**TASK REQUIREMENTS:**
Everything from the line that contains "Shower Room - 1.60m" through the last line below should be transcribed exactly, except the pictures.

------------------------------------------------

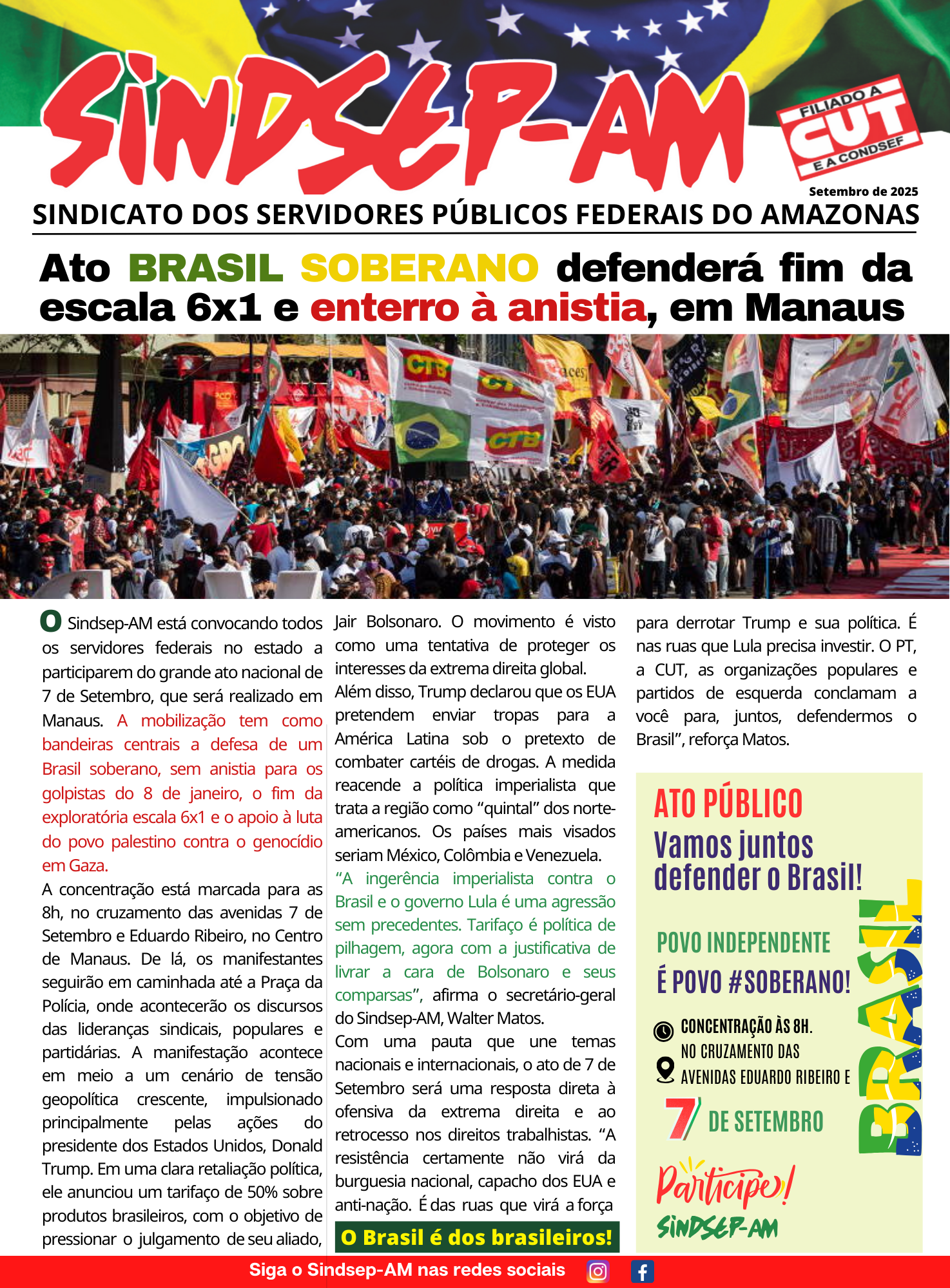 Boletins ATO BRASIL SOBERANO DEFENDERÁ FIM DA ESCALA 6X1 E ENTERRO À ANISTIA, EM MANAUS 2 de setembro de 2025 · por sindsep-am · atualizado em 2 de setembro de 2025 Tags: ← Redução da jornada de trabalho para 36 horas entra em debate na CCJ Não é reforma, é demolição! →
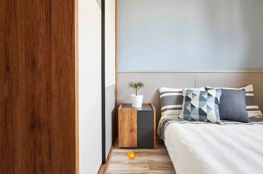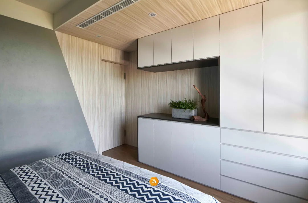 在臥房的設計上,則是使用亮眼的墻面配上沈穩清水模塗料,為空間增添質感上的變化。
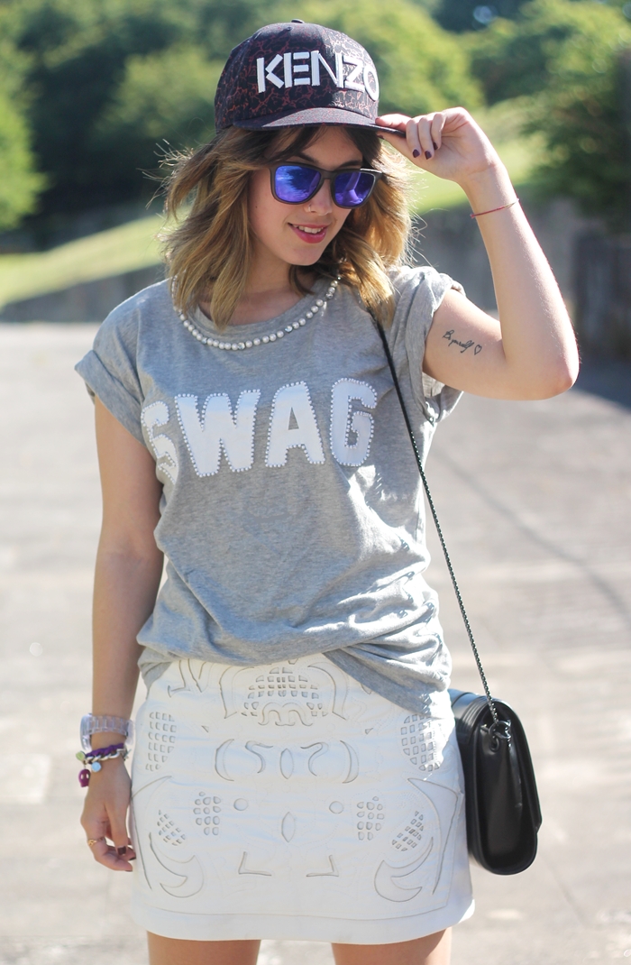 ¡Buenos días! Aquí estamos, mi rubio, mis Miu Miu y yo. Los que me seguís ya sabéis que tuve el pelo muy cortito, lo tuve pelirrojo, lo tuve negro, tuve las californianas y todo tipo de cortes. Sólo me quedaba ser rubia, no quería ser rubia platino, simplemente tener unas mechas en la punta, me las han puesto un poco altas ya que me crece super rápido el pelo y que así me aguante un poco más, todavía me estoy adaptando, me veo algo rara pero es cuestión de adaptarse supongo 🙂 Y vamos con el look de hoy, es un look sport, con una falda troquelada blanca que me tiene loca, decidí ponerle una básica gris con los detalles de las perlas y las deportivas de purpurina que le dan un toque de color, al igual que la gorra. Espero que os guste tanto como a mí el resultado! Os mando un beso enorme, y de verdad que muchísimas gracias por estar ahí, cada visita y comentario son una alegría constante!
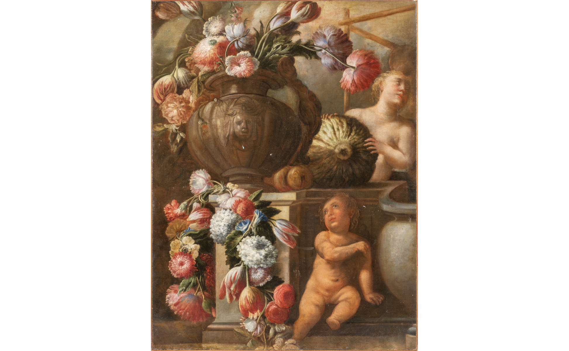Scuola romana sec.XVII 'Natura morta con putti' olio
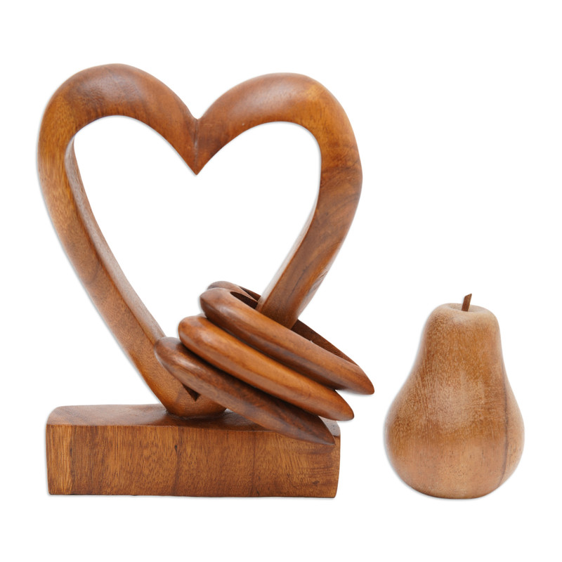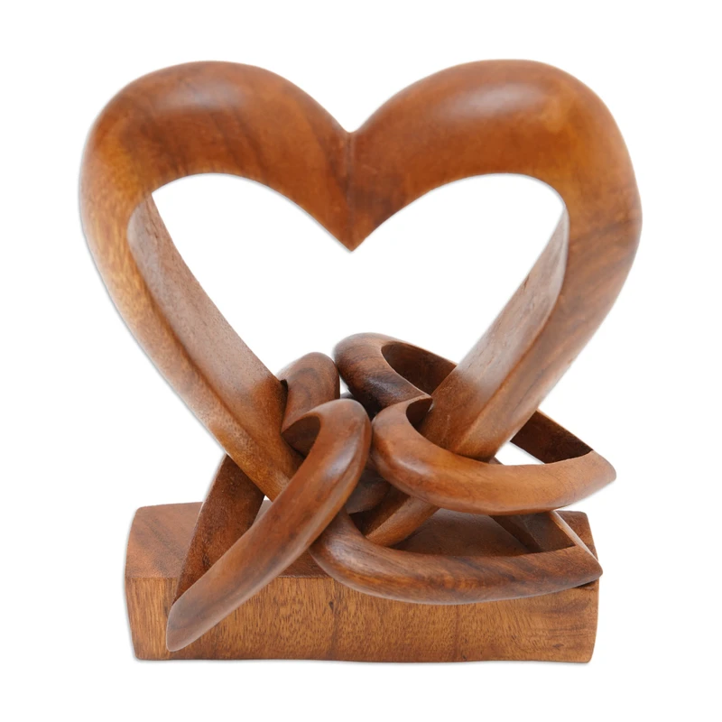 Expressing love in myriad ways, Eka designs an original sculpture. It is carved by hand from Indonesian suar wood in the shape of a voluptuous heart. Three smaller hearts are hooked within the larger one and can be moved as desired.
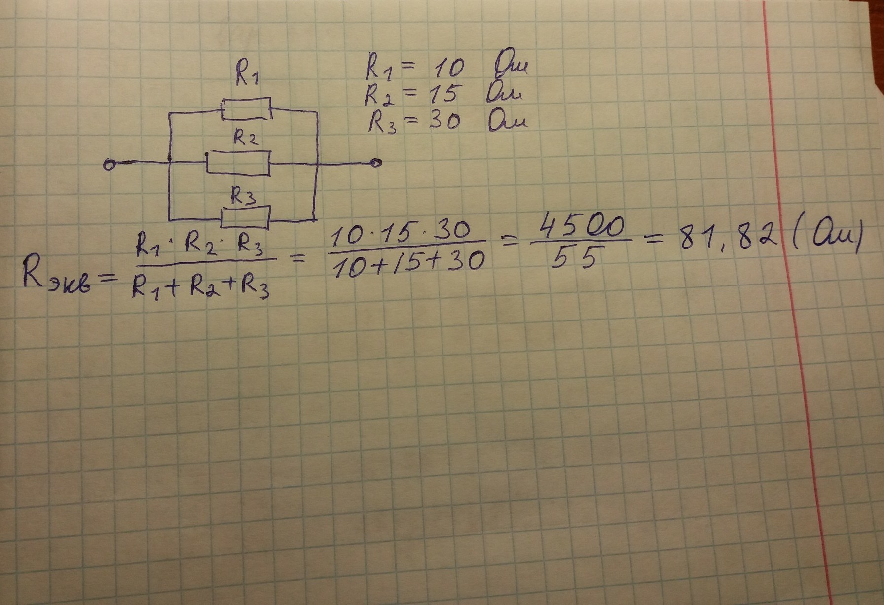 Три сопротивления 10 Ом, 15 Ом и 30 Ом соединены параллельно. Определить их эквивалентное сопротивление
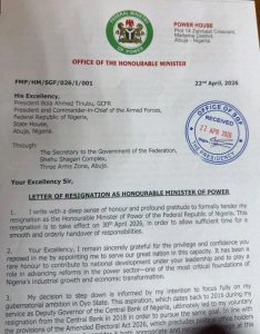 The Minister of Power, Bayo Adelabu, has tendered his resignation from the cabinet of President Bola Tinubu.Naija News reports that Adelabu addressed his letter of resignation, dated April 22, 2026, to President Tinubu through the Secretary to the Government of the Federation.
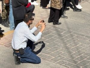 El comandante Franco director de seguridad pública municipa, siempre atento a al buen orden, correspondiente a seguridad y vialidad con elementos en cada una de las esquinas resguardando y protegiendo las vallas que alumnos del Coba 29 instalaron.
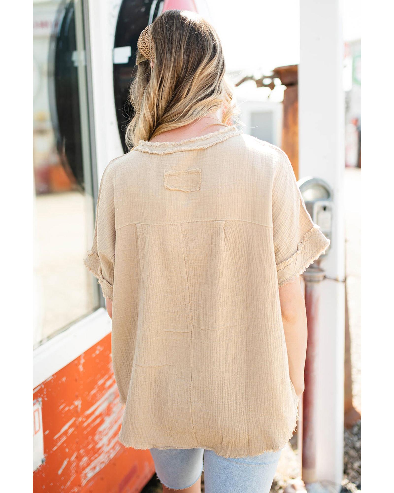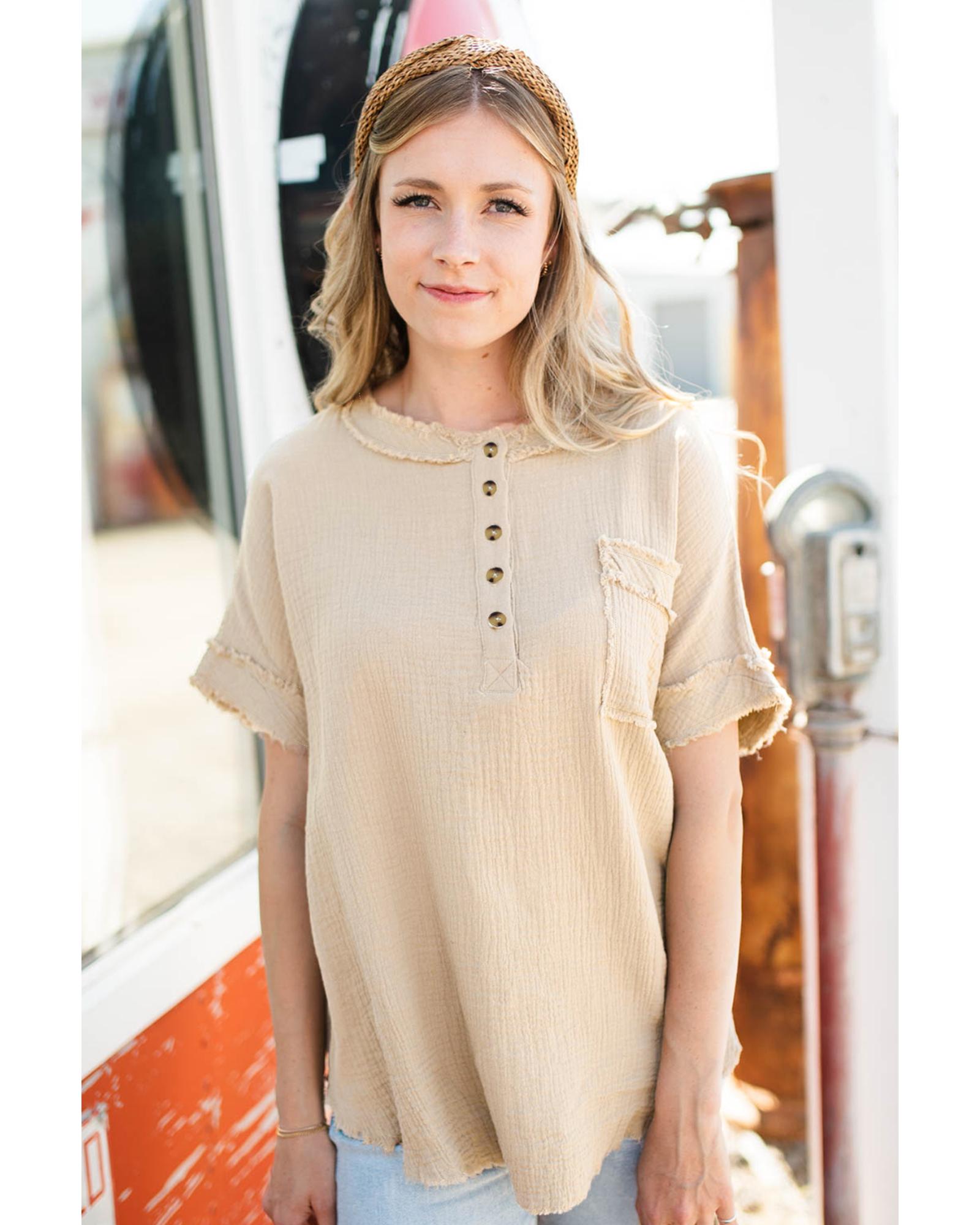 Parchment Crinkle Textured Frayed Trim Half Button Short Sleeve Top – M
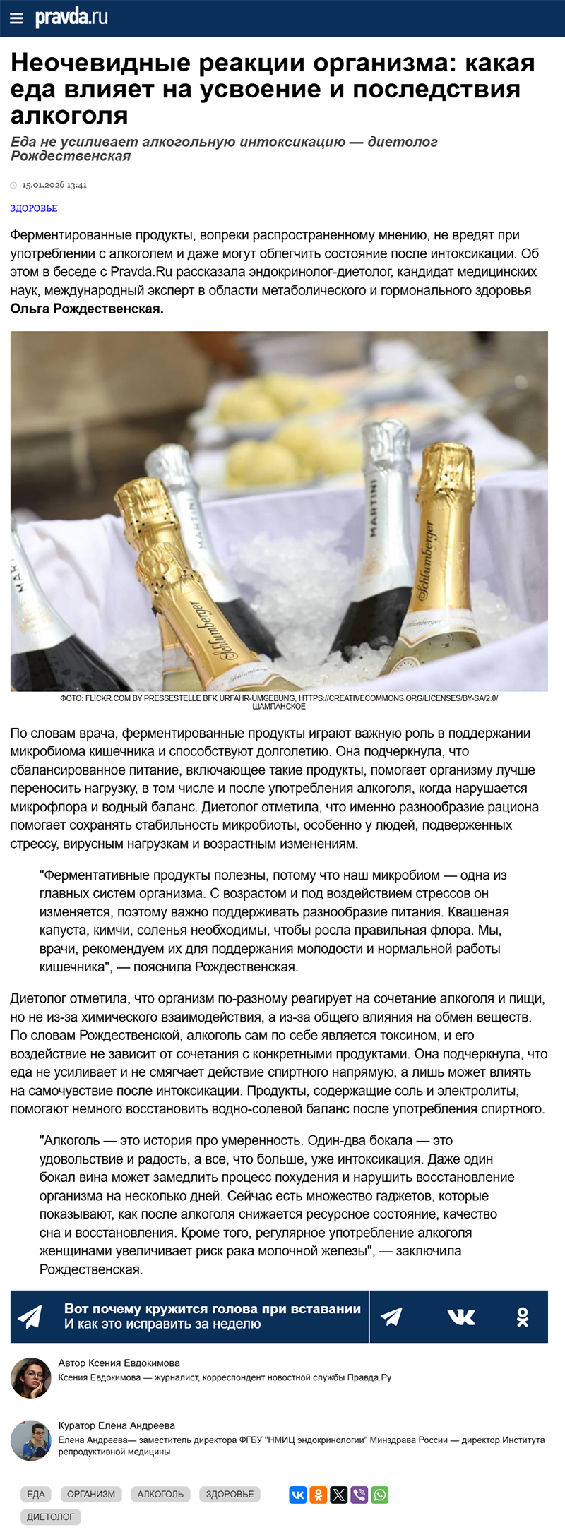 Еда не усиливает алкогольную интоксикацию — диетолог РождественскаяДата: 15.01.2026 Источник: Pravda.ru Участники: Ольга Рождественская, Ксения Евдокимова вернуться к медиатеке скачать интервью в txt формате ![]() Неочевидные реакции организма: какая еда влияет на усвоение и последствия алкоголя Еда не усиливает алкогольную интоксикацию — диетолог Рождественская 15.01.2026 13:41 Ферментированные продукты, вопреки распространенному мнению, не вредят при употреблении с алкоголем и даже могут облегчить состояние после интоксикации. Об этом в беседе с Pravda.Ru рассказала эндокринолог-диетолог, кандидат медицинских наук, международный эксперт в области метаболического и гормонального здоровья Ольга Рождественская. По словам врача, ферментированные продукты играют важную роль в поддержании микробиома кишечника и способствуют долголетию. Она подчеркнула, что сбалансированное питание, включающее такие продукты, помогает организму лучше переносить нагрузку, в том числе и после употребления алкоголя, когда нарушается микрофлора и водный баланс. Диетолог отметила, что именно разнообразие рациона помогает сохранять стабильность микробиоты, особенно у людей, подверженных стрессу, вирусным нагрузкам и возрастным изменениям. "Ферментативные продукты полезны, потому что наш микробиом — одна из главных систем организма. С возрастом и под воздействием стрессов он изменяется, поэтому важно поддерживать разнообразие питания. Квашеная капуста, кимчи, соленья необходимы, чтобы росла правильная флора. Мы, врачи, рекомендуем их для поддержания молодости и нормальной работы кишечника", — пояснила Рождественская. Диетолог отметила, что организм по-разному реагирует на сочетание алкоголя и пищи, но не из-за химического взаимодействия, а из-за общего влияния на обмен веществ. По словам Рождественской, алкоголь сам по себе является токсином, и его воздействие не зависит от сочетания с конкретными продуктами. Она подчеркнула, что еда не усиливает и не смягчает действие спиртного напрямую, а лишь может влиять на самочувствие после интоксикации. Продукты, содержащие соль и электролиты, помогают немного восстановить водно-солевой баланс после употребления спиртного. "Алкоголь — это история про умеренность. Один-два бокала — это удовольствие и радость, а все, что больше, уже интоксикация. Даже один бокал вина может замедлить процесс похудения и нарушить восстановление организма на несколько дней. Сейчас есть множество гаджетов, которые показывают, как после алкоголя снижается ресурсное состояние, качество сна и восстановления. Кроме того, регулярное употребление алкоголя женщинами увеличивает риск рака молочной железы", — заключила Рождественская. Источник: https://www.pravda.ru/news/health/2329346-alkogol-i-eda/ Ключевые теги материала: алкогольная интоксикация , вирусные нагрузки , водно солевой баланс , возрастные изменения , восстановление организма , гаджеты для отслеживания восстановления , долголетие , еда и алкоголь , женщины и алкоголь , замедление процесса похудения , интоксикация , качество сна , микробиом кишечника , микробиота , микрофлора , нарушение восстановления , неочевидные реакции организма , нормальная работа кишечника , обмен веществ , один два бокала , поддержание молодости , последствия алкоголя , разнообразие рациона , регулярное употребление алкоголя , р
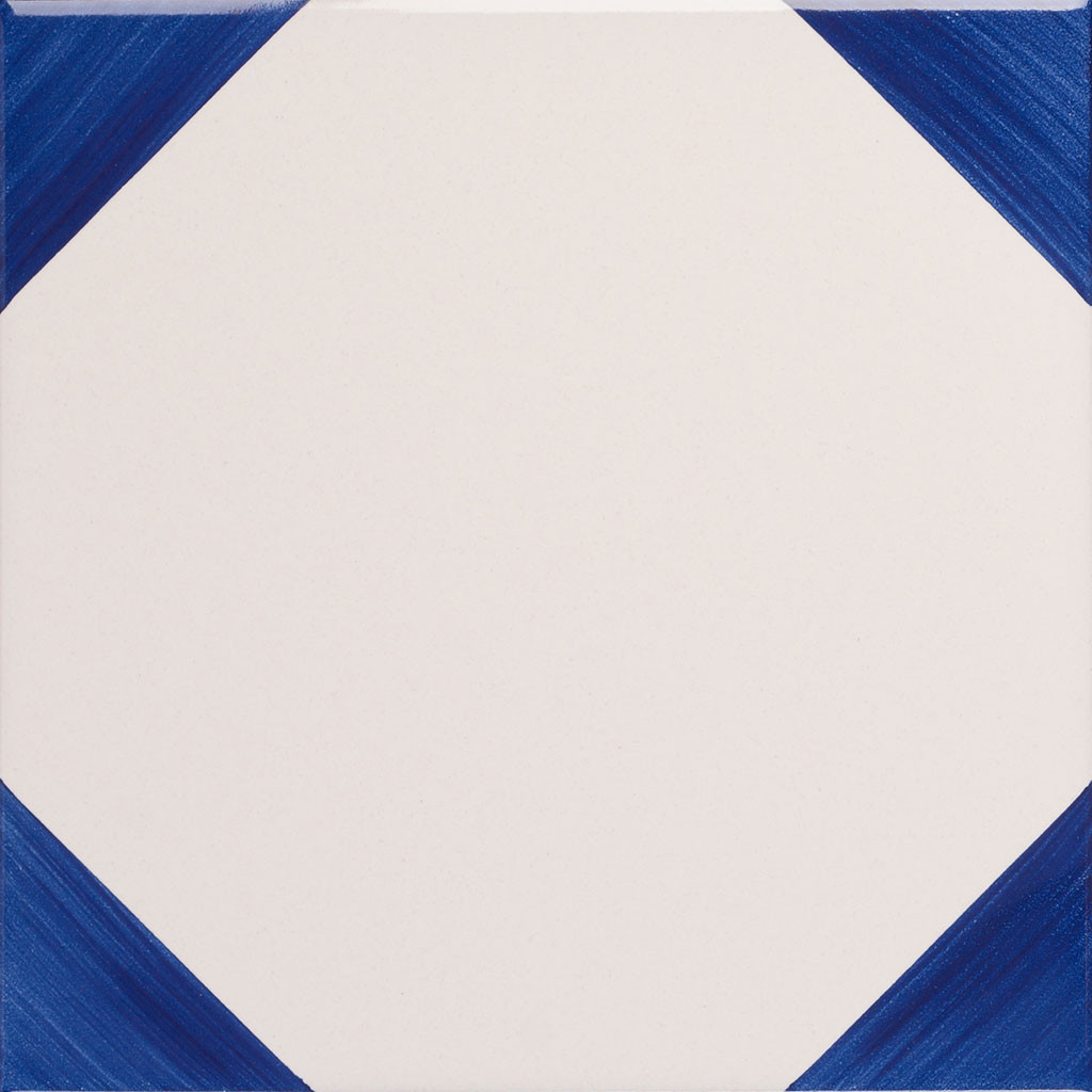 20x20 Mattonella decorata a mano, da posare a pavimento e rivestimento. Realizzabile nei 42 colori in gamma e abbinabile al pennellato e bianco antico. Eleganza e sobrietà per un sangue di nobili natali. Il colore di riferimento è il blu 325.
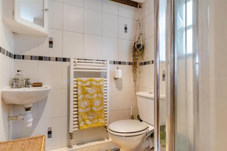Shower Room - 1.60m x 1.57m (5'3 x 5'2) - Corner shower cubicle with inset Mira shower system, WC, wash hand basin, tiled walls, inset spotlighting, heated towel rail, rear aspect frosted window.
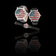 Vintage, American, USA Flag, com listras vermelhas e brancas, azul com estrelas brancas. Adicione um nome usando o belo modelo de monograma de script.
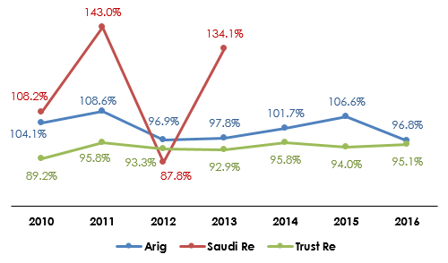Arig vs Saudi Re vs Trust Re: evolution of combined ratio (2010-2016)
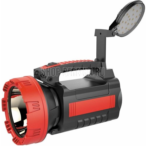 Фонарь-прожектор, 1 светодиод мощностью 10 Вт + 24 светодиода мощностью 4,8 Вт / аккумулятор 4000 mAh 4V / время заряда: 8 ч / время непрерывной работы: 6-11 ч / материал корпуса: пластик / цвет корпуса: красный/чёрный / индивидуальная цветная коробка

------------------------------------------------

**EXERCISE RESULT:**
Shower Room - 1.60m x 1.57m (5'3 x 5'2) - Corner shower cubicle with inset Mira shower system, WC, wash hand basin, tiled walls, inset spotlighting, heated towel rail, rear aspect frosted window.
 Vintage, American, USA Flag, com listras vermelhas e brancas, azul com estrelas brancas. Adicione um nome usando o belo modelo de monograma de script.
Arig vs Saudi Re vs Trust Re: evolution of combined ratio (2010-2016)
 Фонарь-прожектор, 1 светодиод мощностью 10 Вт + 24 светодиода мощностью 4,8 Вт / аккумулятор 4000 mAh 4V / время заряда: 8 ч / время непрерывной работы: 6-11 ч / материал корпуса: пластик / цвет корпуса: красный/чёрный / индивидуальная цветная коробка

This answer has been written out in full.